Modeling pKas of unfolded proteins to probe structural models of unfolded state

Abstract

Modeling unfolded states of proteins has implications for protein folding and stability. Since in unfolded state proteins adopt multiple conformations, any experimentally measured quantity is ensemble averaged, therefore the computed quantity should be ensemble averaged as well. Here, we investigate the possibility that one can model an unfolded state ensemble with the coil model approach, algorithm such as “flexible-meccano” [Ozenne V et al., Flexible-meccano: A tool for the generation of explicit ensemle descriptions of intrinsically disordered proteins and their associated experimental observables, Bioinformatics 28:1463–1470, 2012], developed to generate structures for intrinsically disordered proteins.

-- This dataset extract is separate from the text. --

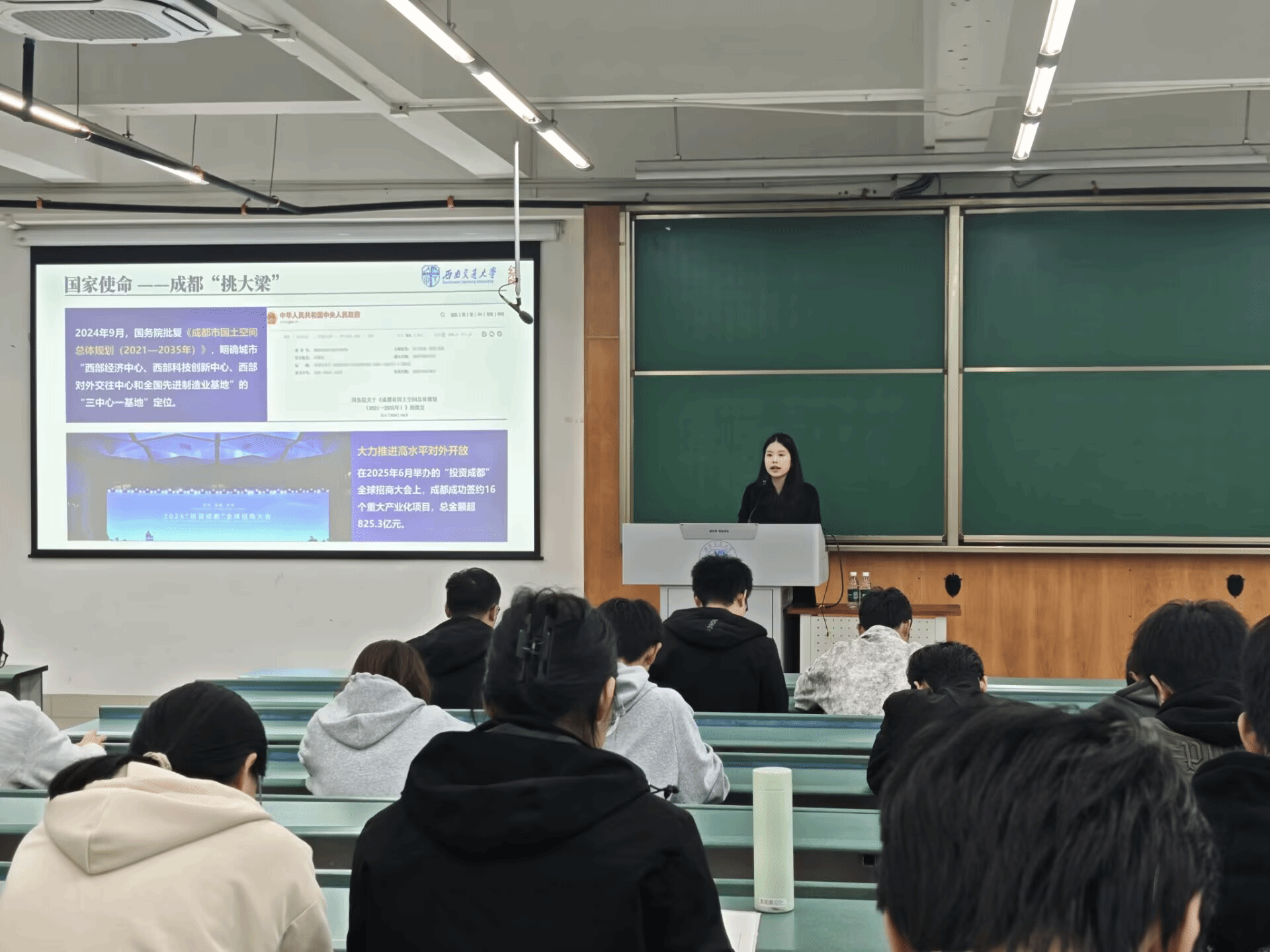 随后,高田讲师围绕“‘十四五’科技赋能,绘就发展新图景”这一核心主题,为同学们展开了深入的讲解。她首先对2025年10月党的二十届四中全会所通过的“十五五”规划进行了细致的解读,阐明了规划中“以科技创新引领新质生产力”这一重要发展方向。同时,她还详细介绍了西南交通大学在轨道交通领域的深厚科研积累,生动展现了高校在川藏铁路攻坚等国家重大工程项目中所展现出的责任与担当。她还以成渝地区为例,具体讲述了近五年来成都市在构建“空中丝绸之路+国际陆海联运”双走廊方面所取得的显著成果。
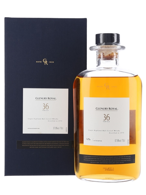 A bottle of Glenury Royal 36 Year Old, distilled in 1970. This is presented in an elegant oval bottle with a cork stopper.

We probe such a possibility by using generated structures to calculate pKas of titratable groups and compare with experimental data. It is demonstrated that even with a small number of representative structures of unfolded state, the average calculated pKas are in very good agreement with experimentally measured pKas. Also, predictions are made for titratable groups for which there is no experimental data available. This suggests that the coil model approach is suitable for generating 3D structures of unfolded state of proteins. To make the approach suitable for large-scale modeling, which requires limited number of structures, we ranked the structures according to their solvent accessible surface area (SASA). It is shown that in the majority of cases, the top structures with smallest SASA are enough to represent unfolded state.